If I do that, as I can with complete freedom, then I am not negating this "world" as though I were
a sophist; I am not doubting its factual being as though I were a skeptic; rather I am exercising
the "phenomenological" epoche’ which also completely shuts me off from any judgment about
spatiotemporal factual being.
Thus I exclude all sciences relating to this natural world no matter how firmly they stand there
for me, no matter how much I admire them, no matter how little I think of making even the least
objection to them; I make absolutely no use of the things posited in them.

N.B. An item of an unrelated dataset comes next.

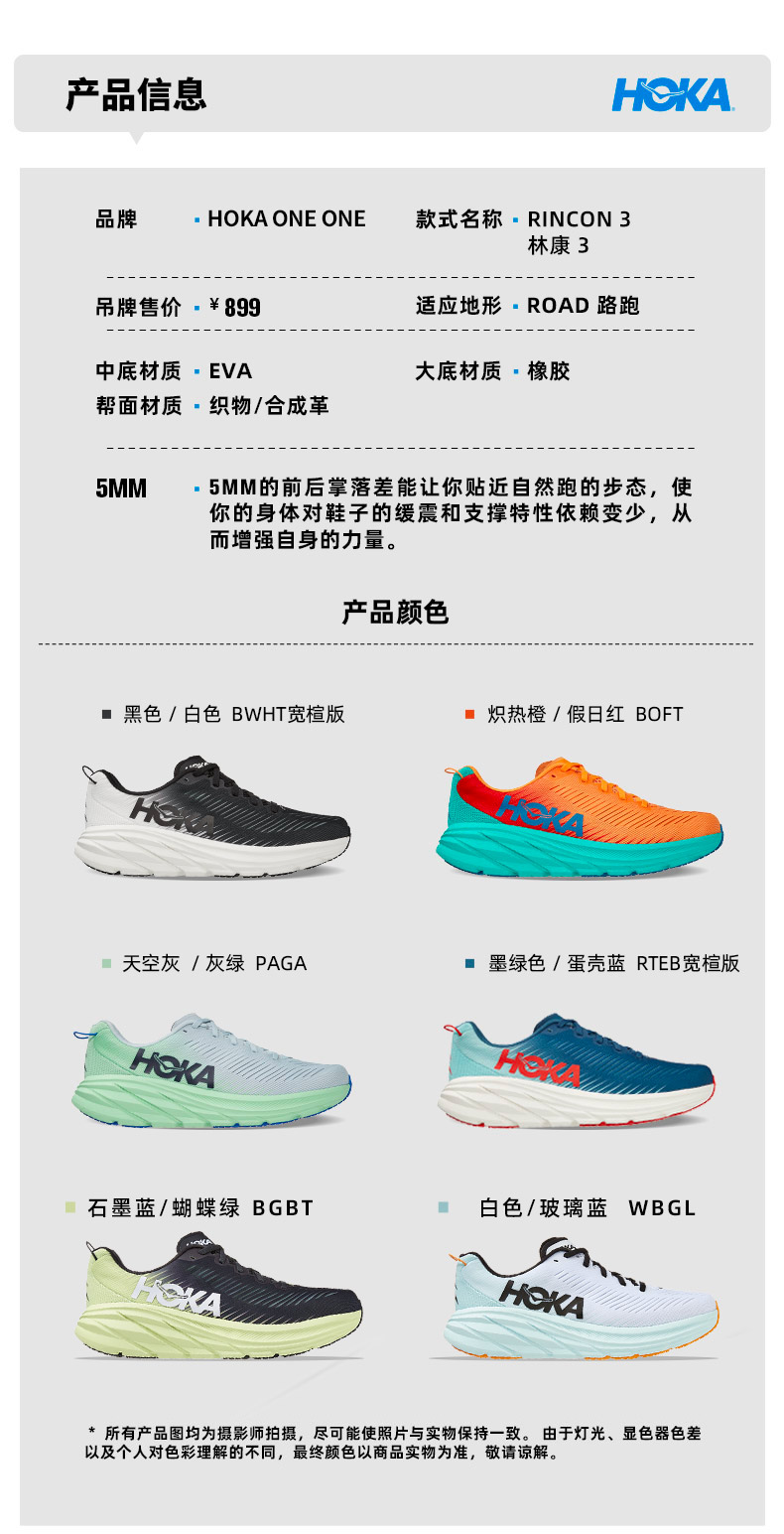 HOKA ONE ONE男女林康3减震公路跑步鞋Rincon3透气轻便防滑运动鞋

Nor do I make my own
a single one of the propositions belonging to <those sciences>, even though it be perfectly
evident; none is accepted by me; none gives me a foundation let this be well noted: as long as
it is understood as it is presented in one of those sciences as a truth about actualities of this
world. I must not accept such a proposition until after I have put parenthesis around it. That
signifies that I may accept such a proposition only in the modified consciousness, the
consciousness of judgmentexcluding, and therefore not as it is in science, a proposition which
claims validity and the validity of which I accept and use.